Unplug it from mains power :)

But seriously: the Pi has a "base" power usage when run headless, without anything plugged in (no monitor, no usb devices, just the power supply). Use a Kill-A-Watt meter to measure the powerusage of this setup. Then do the following:

If you want to further reduce this power usage, you can look into disabling a few things.

  • According to this article, if you have an rPi2, you can reduce
    the number of cores by adding the following lines into
    /boot/cmdline.txt:

    # replace N with the number of cores you want to keep using
    maxcpus=N

  • You could look into disabling power to the USB bus by issuing the following (from this post on this forum):

    echo 0x0 > /sys/devices/platform/bcm2708_usb/buspower

    NOTE OF WARNING: This might also disable your network port, so don't use this in a headless setup until you have made sure you can recover from it.

Use the Kill-A-Watt meter to check the impact these changes have to power usage.

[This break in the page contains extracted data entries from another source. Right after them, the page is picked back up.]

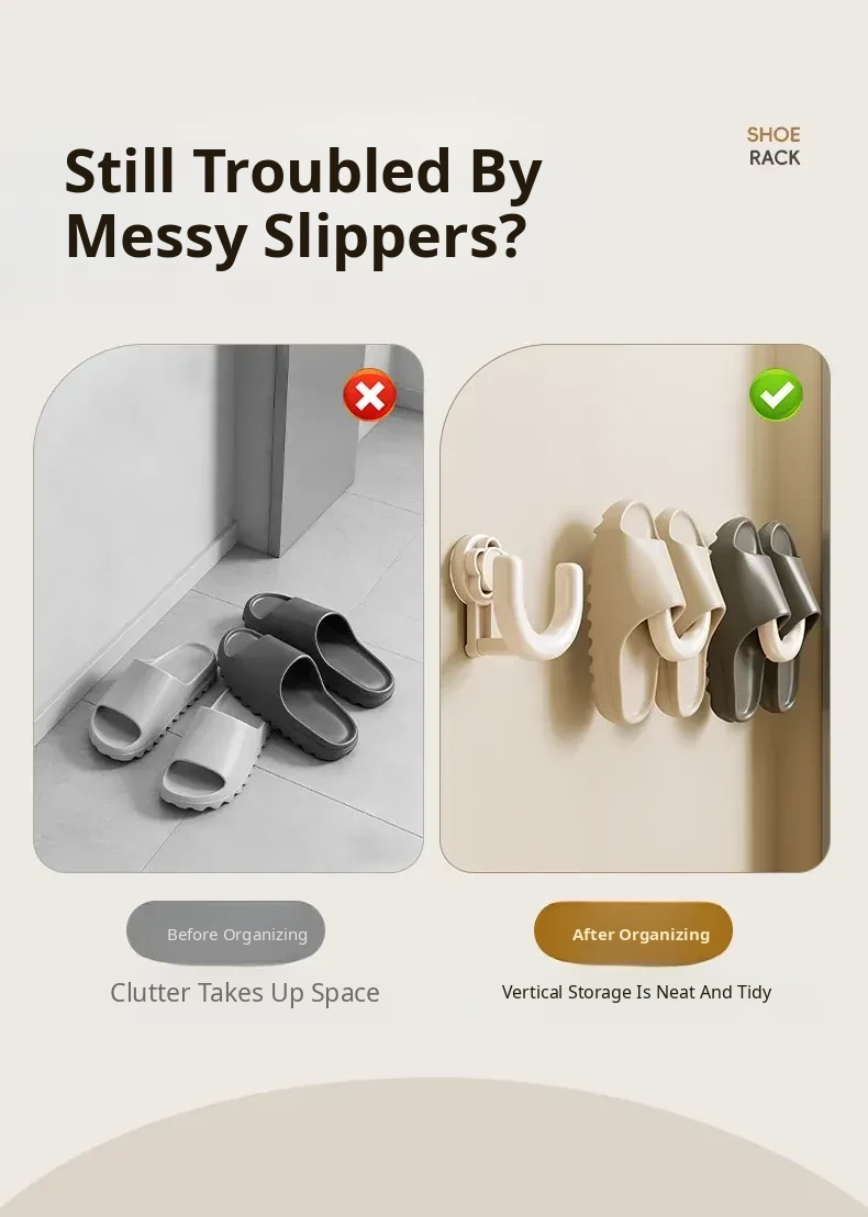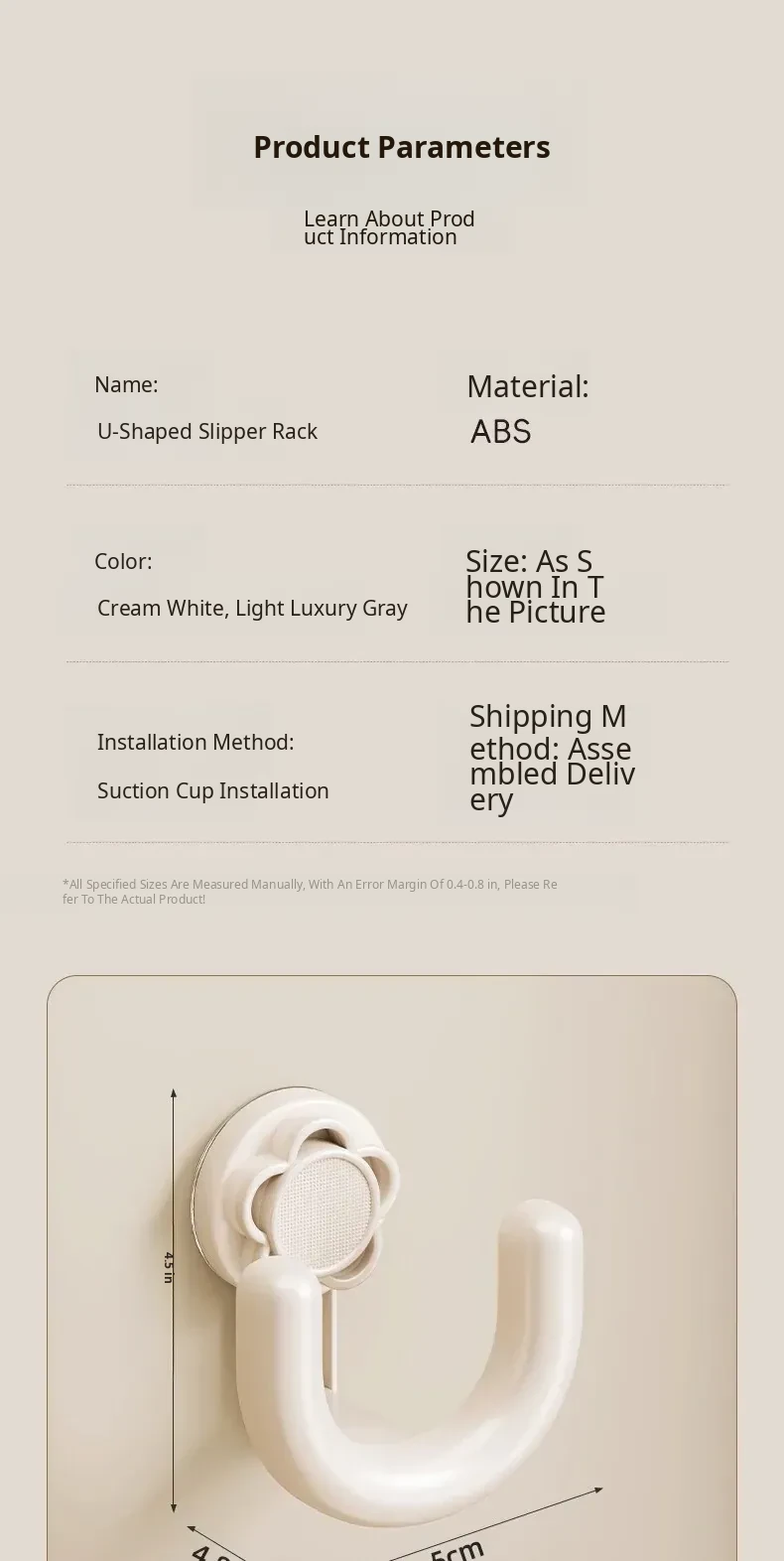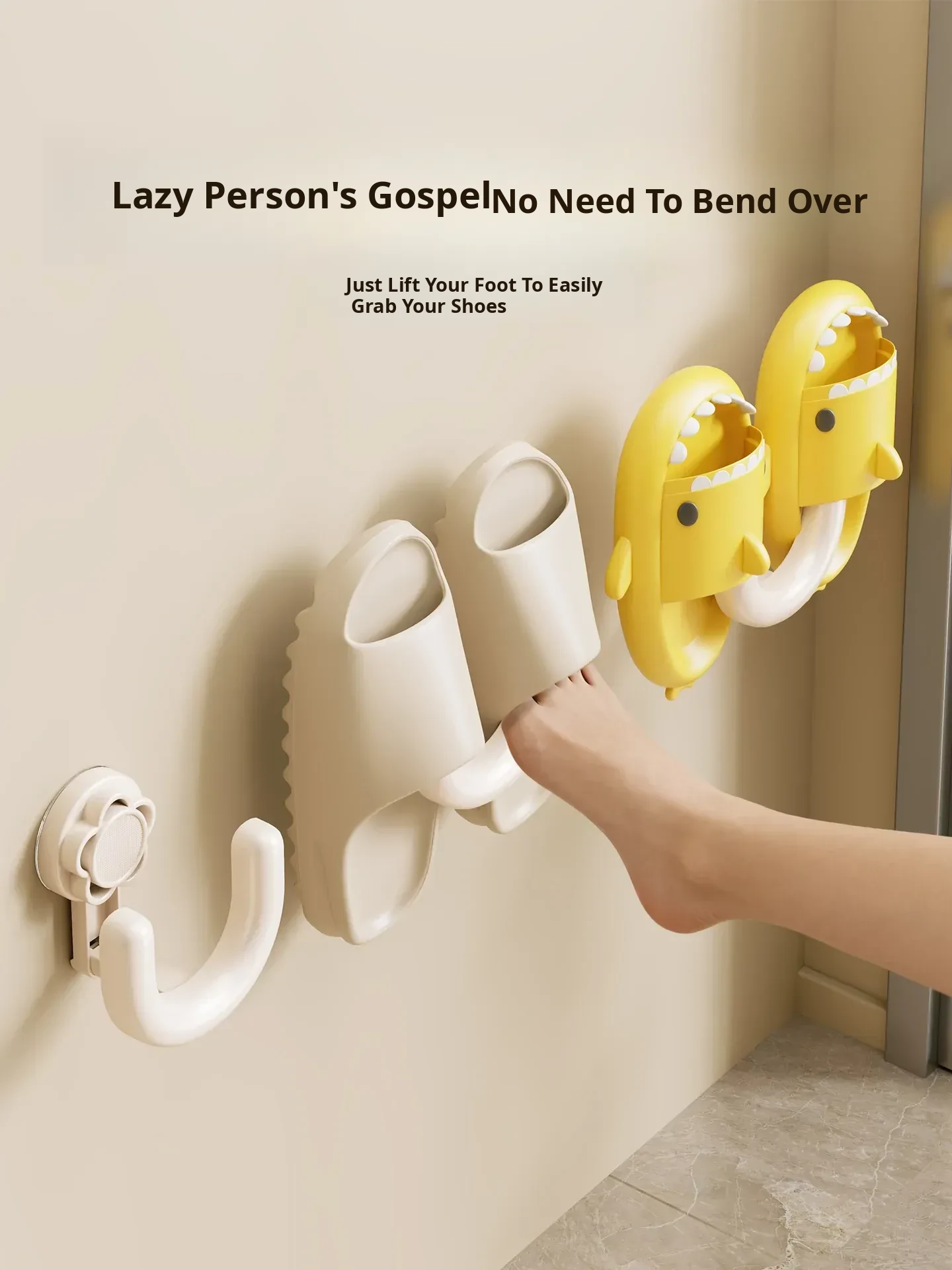 No-Drill Wall-Mounted U-Shaped Bathroom Slipper Rack - Space-Saving Suction Hook Organizer for Toilets and Restrooms, Perfect for Keeping Your Bathroom Neat and Tidy!
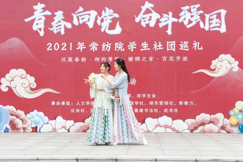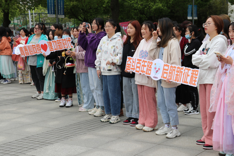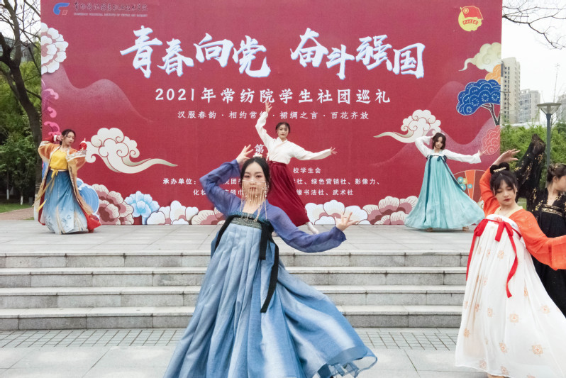 为鼓励青年学生传承传统服饰文化,弘扬传统文化精神,坚定文化自信,在校园内营造庆祝中国共产党成立100周年的浓厚氛围,塑造常纺美育品牌,4月14日下午,永利官网迎接中国共产党成立100周年专项学生社团巡礼暨“汉服春韵,相约常纺;裙绸之言,百花齐放”中国华服日展示活动在创美广场举行。党委书记吴访升来到现场和同学们一起观摩活动。党委委员、副院长张震宇,党委委员、党委宣传部部长夏斌,党委学生工作部部长李洁琦,团委书记李凯,人文学院党总支书记顾明智及各二级学院党总支副书记、团委书记,社团指导教师代表参加了开幕式。此次社团巡礼活动吸引了近1000名同学热情参与。
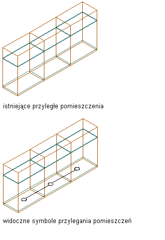 W większości przypadków relacje przylegania między powierzchniami pomieszczeń są istotne przy eksporcie i przetwarzaniu rzutu budynku w aplikacjach inżynierskich. Jeśli zachodzi potrzeba sprawdzenia stanu relacji przylegania w programie zestaw narzędzi AutoCAD Architecture 2027, można je uwidocznić na rysunku.
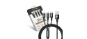 Kabel podporuje přenosovou rychlost až 480Mbps a disponuje výstupním proudem 1A. Délka kabelu 1.2m je dostatečná pro pohodlné používání. Kvalitní nylonové opletení je odolnější vůči ohybům a dalšímu poškození oproti klasickým silikonovým kabelům a tím zaručí dlouhou životnost. Kabel lze sepnout poutkem na suchý zip do skladnější podoby na cesty. Díky své univerzalitě je možné najednou propojit širokou škálu mobilních zařízení při nabíjení pouze z jednoho adaptéru.
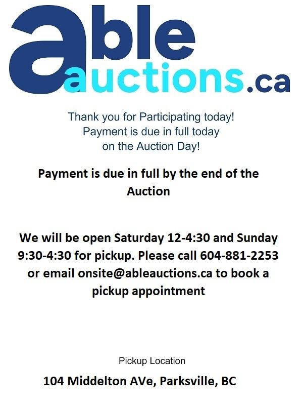 Payment is due in full today. if you authorize us by calling 604-881-2253 we can directly charge your Visa or MC on file (only applies to purchases under $999). *Please note we will need to have a verbal confirmation of the last 4 digits of your credit card to process the payment* For e-transfers please email them to payment@ableauctions.ca Payment is Online only. Pickup is by appointment please call to book a time slot.
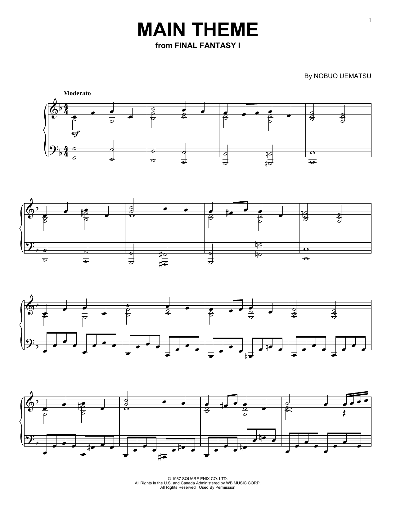 Download or print Nobuo Uematsu Main Theme (from Final Fantasy) sheet music, chords and digital score arranged for Easy Piano. This Video Game score includes 3 page(s).
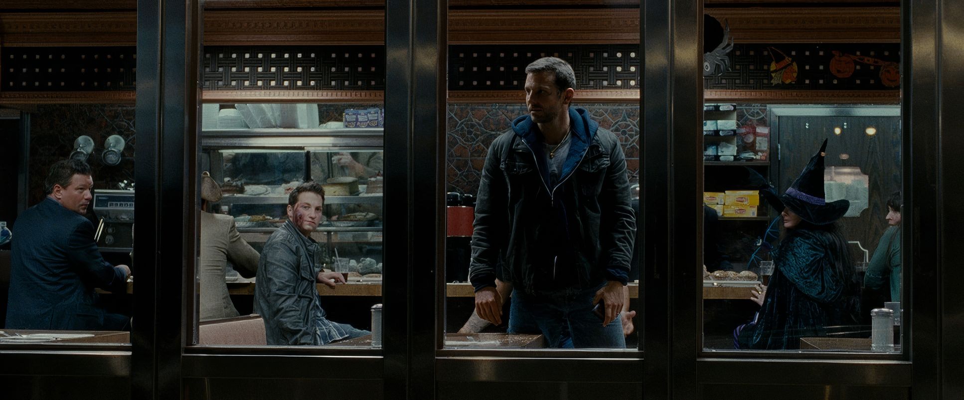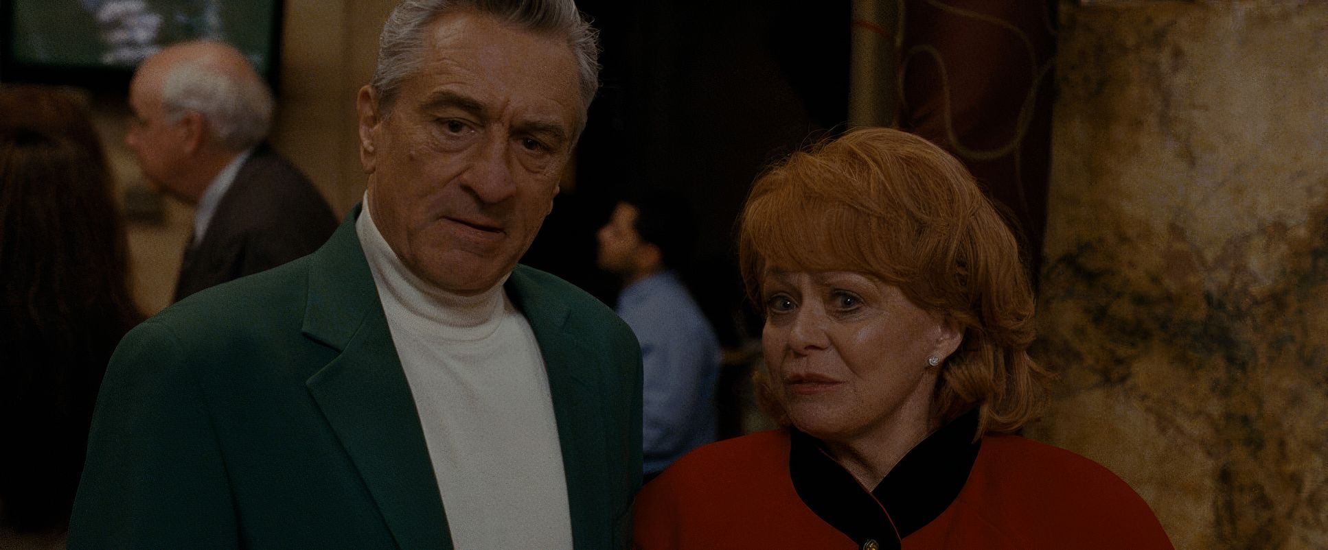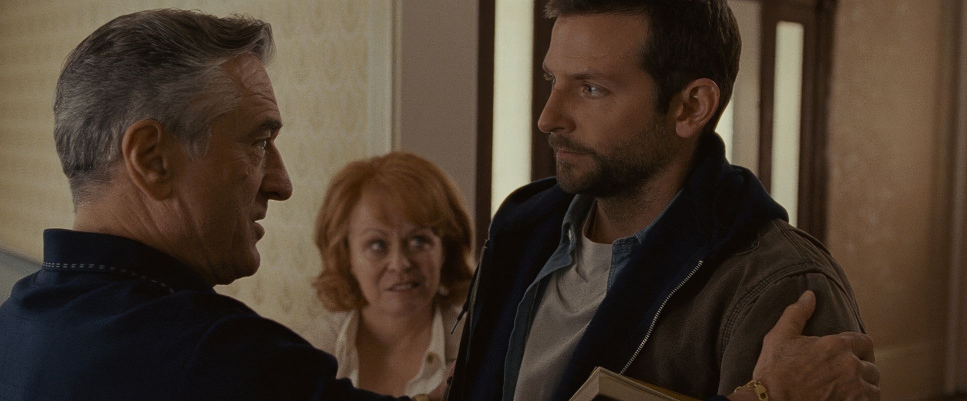 Because they were shooting handheld with Master Primes, the blocking feels wonderfully unscripted. Characters move in and out of each other’s personal space, and the camera just follows. It feels improvisational. When Robert De Niro and Bradley Cooper are in a scene, the physical interplay the gestures and the posture is just as important as the dialogue.
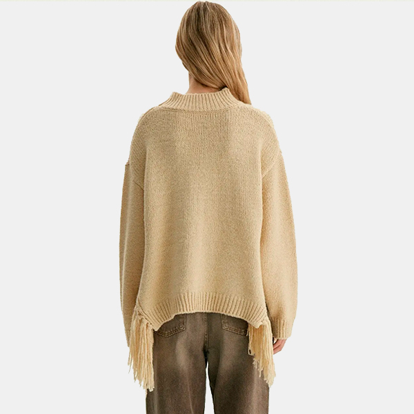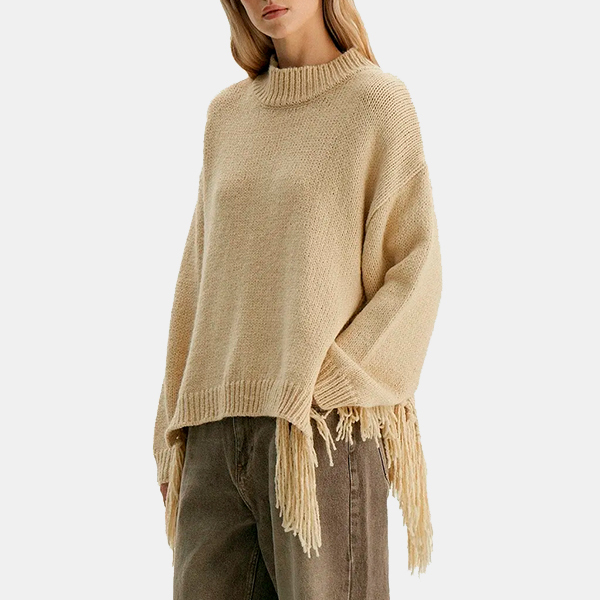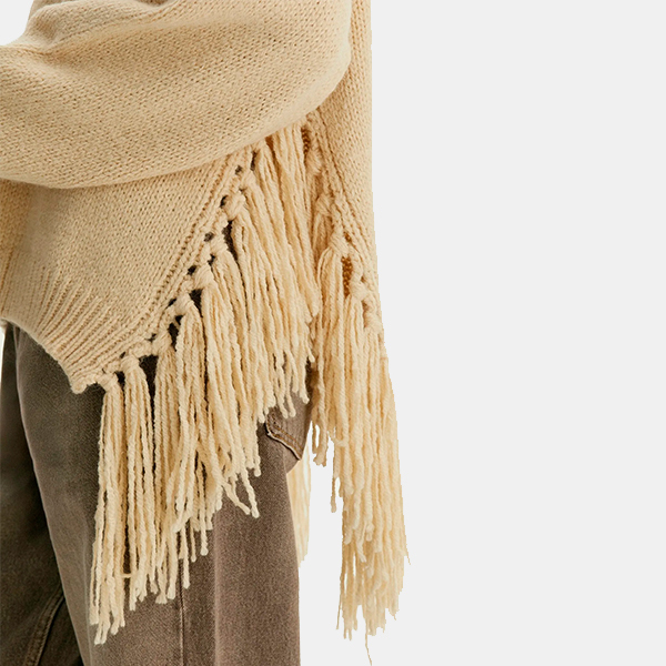 Бохо-джемпер с бахромой станет основой повседневных образов. Свободная модель со спущенным рукавом не стесняет движений. Широкая вязка резинкой по горловине и низу делает его ещё уютнее. Материал сделан с добавлением шерсти и нейлона, который помогает сохранять форму. Универсальный бежевый цвет позволяет сочетать вещь с большим количеством разных вариантов низа: например, шоколадными брюками из вельвета или базовыми джинсами серо-бежевого оттенка. Состав: 77% акрил, 9% нейлон, 8% шерсть, 6% polyester
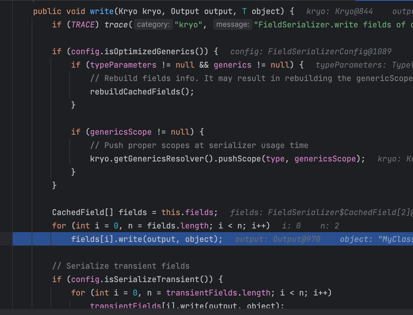 1 2 3 4 5 6 7 8 9 Kryo kryo = new Kryo(); kryo.register(SomeClass.class); Output output = ... SomeClass object = ... kryo.writeObject(output, object); Kryo kryo = new Kryo(); kryo.register(SomeClass.class, 9); kryo.register(AnotherClass.class, 10); kryo.register(YetAnotherClass.class, 11);
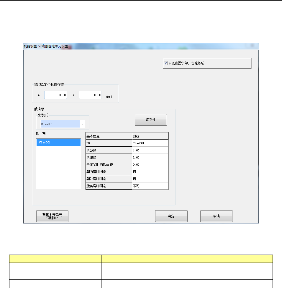 在弯脚固定单元设置画面,可以阅览弯脚固定坐标偏移量、基板支撑功能的有效/无效、读入的
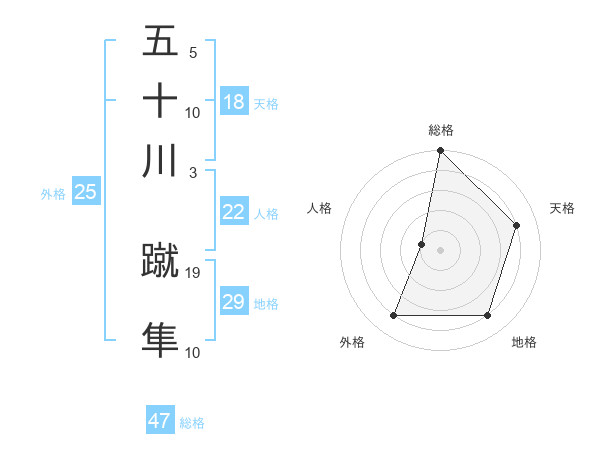 五十川 蹴隼さんを姓名の画数から五運を鑑定
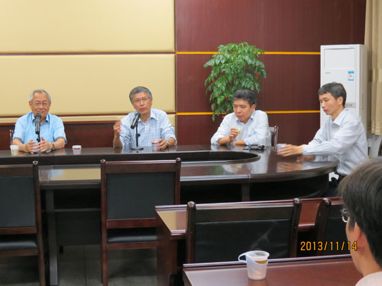 下午五点,陈关荣教授、美国加州大学伯克利分校蔡少棠教授和海军工程大学吴晓锋教授在砺志楼114会议室为我院师生开了一场“学科与科研”座谈会,座谈会上,三位教授就“如何提出好的科研问题?”、“是否赞同多方面的研究?”、“混沌研究已近饱和,未来的发展趋势?”、“年轻老师出境访问事宜”、“课程学习与论文写作之间的关系?”、“怎样面对一个研究很久了而无进展的课题?”等问题进行了交流。
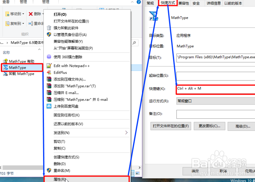 找MathType圖標(biāo),右鍵》打開文件所在位置》文件中圖標(biāo)上右鍵》屬性》快捷鍵》輸入自定義快捷鍵。
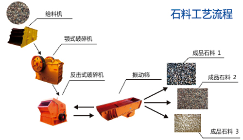 大塊石料經(jīng)料倉(cāng)由振動(dòng)給料機(jī)均勻地送進(jìn)鄂式破碎機(jī)進(jìn)行粗碎,粗碎后的石料由膠帶輸送機(jī)送到反擊式破碎機(jī)進(jìn)行進(jìn)一步破碎;細(xì)碎后的石料由膠帶輸送機(jī)送進(jìn)振動(dòng)篩進(jìn)行篩分,篩分出幾種不同規(guī)格的石子,滿足粒度要求的石子由成品膠帶輸送機(jī)送往成品料堆;不滿足粒度要求的石子由膠帶輸送機(jī)返料送到反擊式破碎機(jī)進(jìn)行再次破碎,形成閉路多次循環(huán)。成品粒度可按照用戶的需求進(jìn)行組合和分級(jí),為保護(hù)環(huán)境,可配備輔助的除塵設(shè)備。

If you need to use additional devices, such as an HDMI monitor, USB devices including WiFi dongles etc., keep the Kill-A-Watt meter hooked up to your Pi and look at the impact of adding each device in (shut down Pi, add 1 device, reboot Pi, make sure device is in use (E.g. WiFi dongle is connected/connecting to network) and observe the output of the Kill-A-Watt meter.

5
  • will a low arm_freq_min reduce power usage? my meter isn't sensitive enough to tell me :)
    – ths
    Jun 17, 2015 at 12:16
  • It probably will, but ever-so-slightly. That's why your meter can't tell you
    – Phil B.
    Jun 17, 2015 at 12:35
  • It won't unless you reduce to voltage.
    – bot47
    Jun 17, 2015 at 16:24
  • @MaxRied Actually, it would! the power used by a CPU can be determined by P = CV^(2)f, and so if you lower frequency, you're proportionally lowering power.
    – tuskiomi
    Jun 19, 2017 at 15:59
  • maxcpus=1 makes my rpi 3 model b not able to boot properly SOMETIMES Jun 30, 2017 at 11:52
8

Other things you may want to search for include disabling the LEDs, disabling HDMI out and 'nohz' kernel option to alter the tick interrupts from periodic clocks.

Articles I've seen also suggest that Kill A Watt measurements are pretty inaccurate at low current levels, use a bench meter if you have one available.